### Information supplied ###

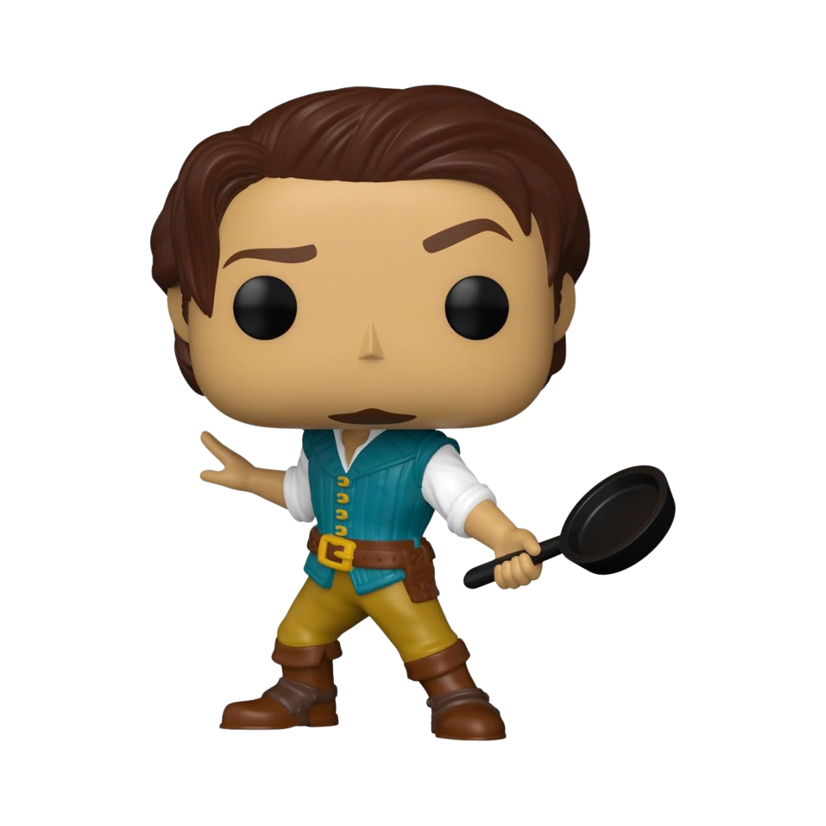 La figura Funko Pop! Flynn (1642) captura a Flynn Rider en su vestimenta de aventurero: botas, chaqueta y, por supuesto, su cabello perfectamente peinado. Sin embargo, el detalle que hace esta figura particularmente especial es la inclusión del sartén de Rapunzel. Este objeto, que originalmente era un arma de defensa cómicamente usada por Rapunzel, se convirtió en un símbolo recurrente del humor y la inesperada dinámica de la película.
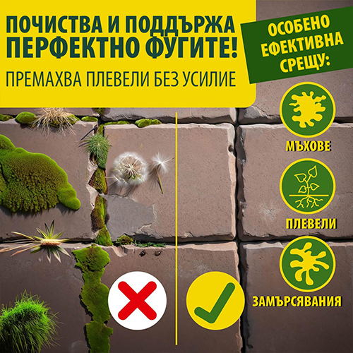 Специалната форма и конструкция на четката осигуряват лесно и ефективно премахване на плевели и треви, без да увреждат околната настилка. Чистите фуги и ръбове са гарантирани с минимални усилия.
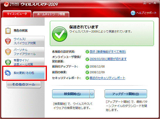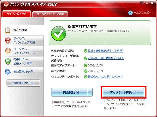 ウイルスバスター2009で、ウイルスやスパイウェアからパソコンを保護するには、ウイルスバスターに最新のプログラムやパターンファイルを適用する必要があります。

###

• _Exercise prompt_
The expected answer is the lines from the one that has "Специалната форма и" to the end of the listing, transcribed exactly, with pictures left out and no other line added.

• _Solution to this problem_
 Специалната форма и конструкция на четката осигуряват лесно и ефективно премахване на плевели и треви, без да увреждат околната настилка. Чистите фуги и ръбове са гарантирани с минимални усилия.
 ウイルスバスター2009で、ウイルスやスパイウェアからパソコンを保護するには、ウイルスバスターに最新のプログラムやパターンファイルを適用する必要があります。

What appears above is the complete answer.